[...]
I. - La présomption de compétence professionnelle que les arbitres font peser sur les opérateurs du commerce international a été soulignée dans cette chronique dès 1974, dans des observations sur la sentence rendue en 1972 dans l'affaire nº 1990 (JDI 1974, 897). Elle apparaissait déjà dans une sentence de 1966 dans l'affaire nº 1397, mentionnée dans les observations figurant au pied de cette sentence. Cette présomption a été confirmée par diverses sentences ultérieures (cf. les sentences rendues en 1975 dans les affaires nº 2438 : JDI 1976, p. 969 ; nº 2281, p. 989 et en 1980 dans les affaires nº 3380 : JDI 1981, p. 927 et nº 3130, p. 932).

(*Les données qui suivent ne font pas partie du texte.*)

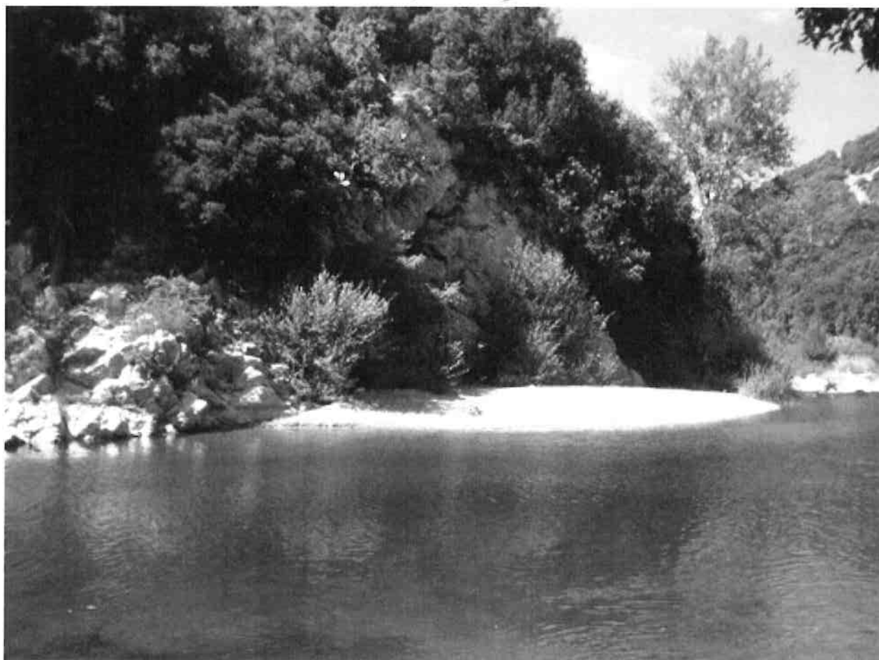
Fiume Calore – Benevento.

(d.lgs. 118/2011 corretto ed integrato dal d.lgs. 126/2014)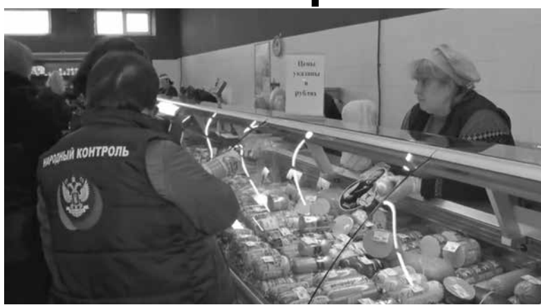
Народные контролеры в одном из магазинов

Порадовал проверяющих магазин «Лукошко» по улице Краснодонцев – там недочеты не выяв-

Une fois encore les arbitres présument que les parties n'ont pu en raison de leur expérience, se méprendre sur la portée de leurs engagements contractuels. Ils estiment qu'il ne fait pas de doute qu'elles ont prêté une grande attention à la lettre de leur contrat. Mais tel n'est pas le seul rôle de la présomption de compétence professionnelle des opérateurs du commerce international. Elle constitue le support d'une référence des arbitres à la pratique et aux usages que des parties expérimentées ne sauraient ignorer. On ne peut s'empêcher ici d'évoquer l'article 9 (2) de la Convention de Vienne du 11 avril 1980 qui dispose :
« Sauf convention contraire des parties, celles-ci sont réputées s'être tacitement référées dans le contrat et pour sa formation à tout usage dont elles avaient connaissance ou auraient dû avoir connaissance et qui, dans le commerce international, est largement connu et régulièrement observé par les parties à des contrats de même type dans la branche commerciale considérée ».
En effet, non seulement le tribunal arbitral présume que les parties ont rédigé leur contrat avec le plus grand soin, mais il tient pour certain qu'elles dominent parfaitement la technique contractuelle en matière de construction. C'est pourquoi les arbitres ne peuvent admettre que le doublement de la capacité de production de la fabrique de ciment puisse être considérée comme une addition aux travaux contractuels qui étaient l'objet du premier contrat avec le maître de l'ouvrage et, partant, la raison d'être de la constitution du premier consortium. Au-delà d'un usage du commerce international tendant à la sécurité des transactions, la présomption de compétence professionnelle des opérateurs du commerce international apparaît ici comme un point d'ancrage au sein des usages du commerce international.